* **Dataset excerpts**:

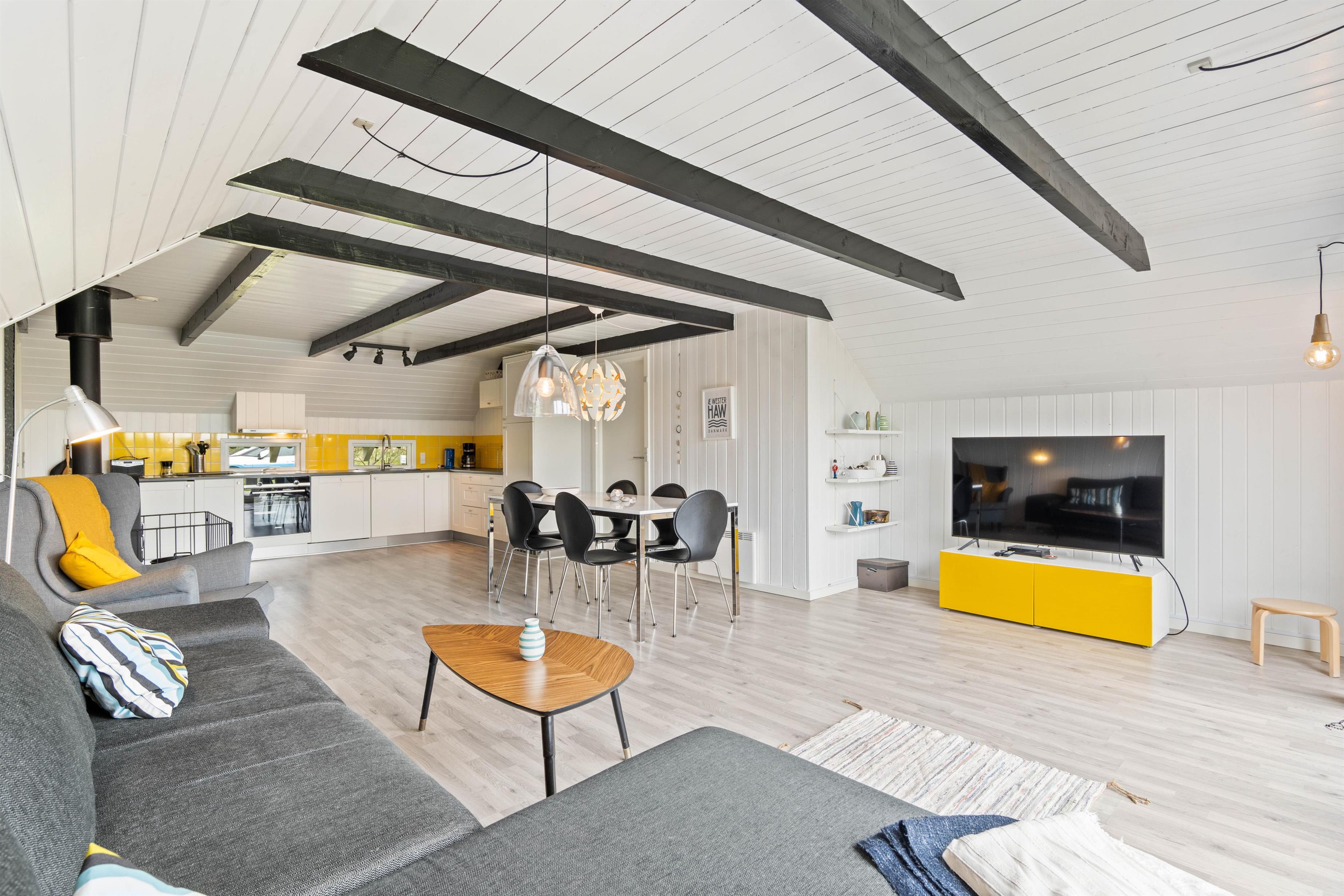Det store opholdsrum, der forener køkken, spisekrog og stue, er husets naturlige hjerte. Her er der plads til både afslapning og aktiviteter. Så uanset om I trænger til en lille lur på sofaen eller vil spille et sjovt spil omkring spisebordet, er der plads til det i opholdsrummet. Og vil I virkelig sænke skuldrene, skal I naturligvis hoppe en tur i husets dejlige sauna.
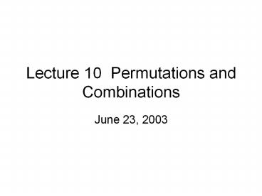 Title: Lecture 10 Permutations and Combinations June 23, 200
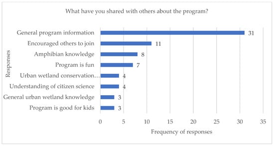 Survey responses indicated the program attracted individuals who were already interested in environmental issues (65%) and gave them a means to act on their interest or concern (Figure 5). In addition, 95% of respondents confirmed they had spoken to others (friends, family, neighbours, colleagues) generally about the program and recruited others to contribute. However, it was less common for a participant to share specific knowledge on urban wetlands, amphibian conservation, and/or municipal planning issues (Figure 6).
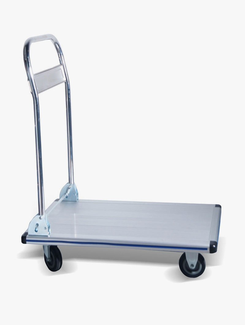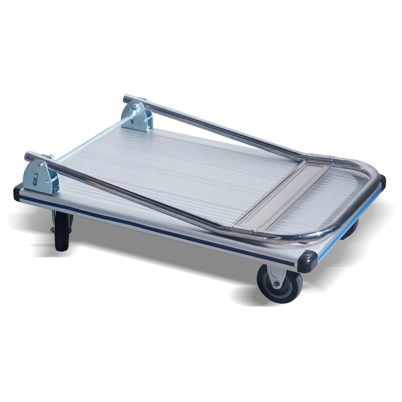 Plataforma de aluminio de bajo peso con construcción de base continua. Fácil de plegar, únicamente se baja el timón. Dispone de protectores en las esquinas para mayor seguridad.
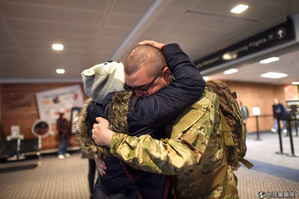 24歲的埃斯皮納爾(Luis Espinal)剛從美軍營地錫爾堡(Fort Sill)受訓歸來,並與他的母親相擁。
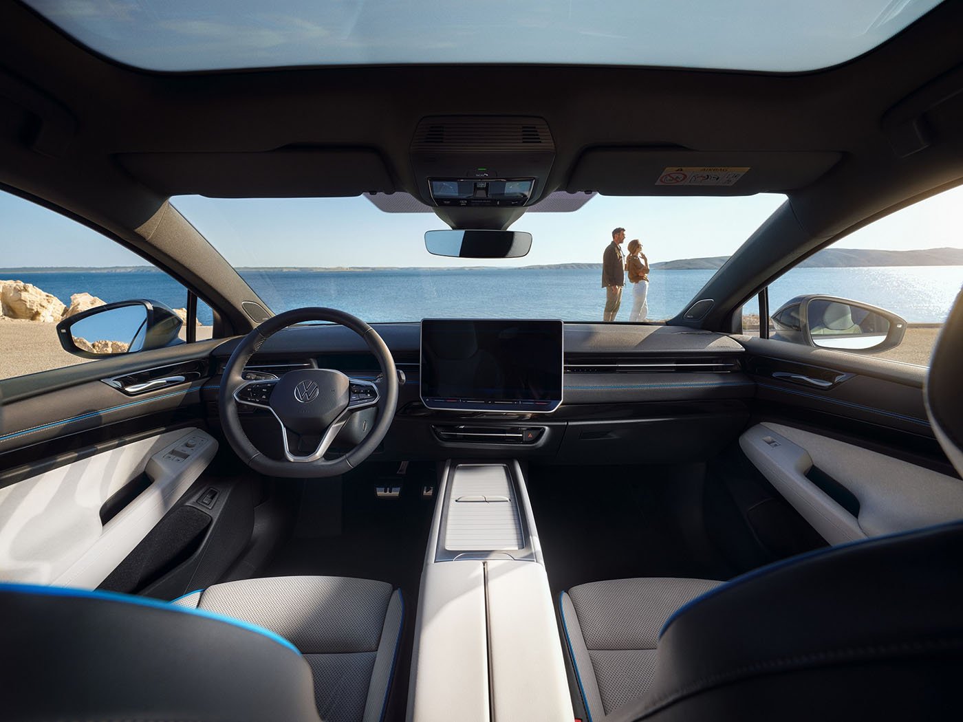 Tο ID.7 προσφέρει επιλογές εξοπλισμού που κατά τα άλλα υπάρχουν μόνο στις ανώτερες κατηγορίες των premium ανταγωνιστών. Η νέα πανοραμική ηλιοροφή δεν είναι μόνο εντυπωσιακή, αλλά διαθέτει και άνετο χειρισμό είτε με ένα πέρασμα του χεριού (swipe) ή μέσω φωνητικού ελέγχου, και ρυθμίζεται ώστε να είναι διαφανής ή μη. Η διαπερατότητα φωτός λειτουργεί μέσω ηλεκτροχρωματικής τάσης.

* **Exercise prompt**: Everything from the line containing "Title: Lecture 10" through the last line of the entries is to be output exactly as written, minus any pictures.

* **Result of this exercise**:
 Title: Lecture 10 Permutations and Combinations June 23, 200
 Survey responses indicated the program attracted individuals who were already interested in environmental issues (65%) and gave them a means to act on their interest or concern (Figure 5). In addition, 95% of respondents confirmed they had spoken to others (friends, family, neighbours, colleagues) generally about the program and recruited others to contribute. However, it was less common for a participant to share specific knowledge on urban wetlands, amphibian conservation, and/or municipal planning issues (Figure 6).
 Plataforma de aluminio de bajo peso con construcción de base continua. Fácil de plegar, únicamente se baja el timón. Dispone de protectores en las esquinas para mayor seguridad.
 24歲的埃斯皮納爾(Luis Espinal)剛從美軍營地錫爾堡(Fort Sill)受訓歸來,並與他的母親相擁。
 Tο ID.7 προσφέρει επιλογές εξοπλισμού που κατά τα άλλα υπάρχουν μόνο στις ανώτερες κατηγορίες των premium ανταγωνιστών. Η νέα πανοραμική ηλιοροφή δεν είναι μόνο εντυπωσιακή, αλλά διαθέτει και άνετο χειρισμό είτε με ένα πέρασμα του χεριού (swipe) ή μέσω φωνητικού ελέγχου, και ρυθμίζεται ώστε να είναι διαφανής ή μη. Η διαπερατότητα φωτός λειτουργεί μέσω ηλεκτροχρωματικής τάσης.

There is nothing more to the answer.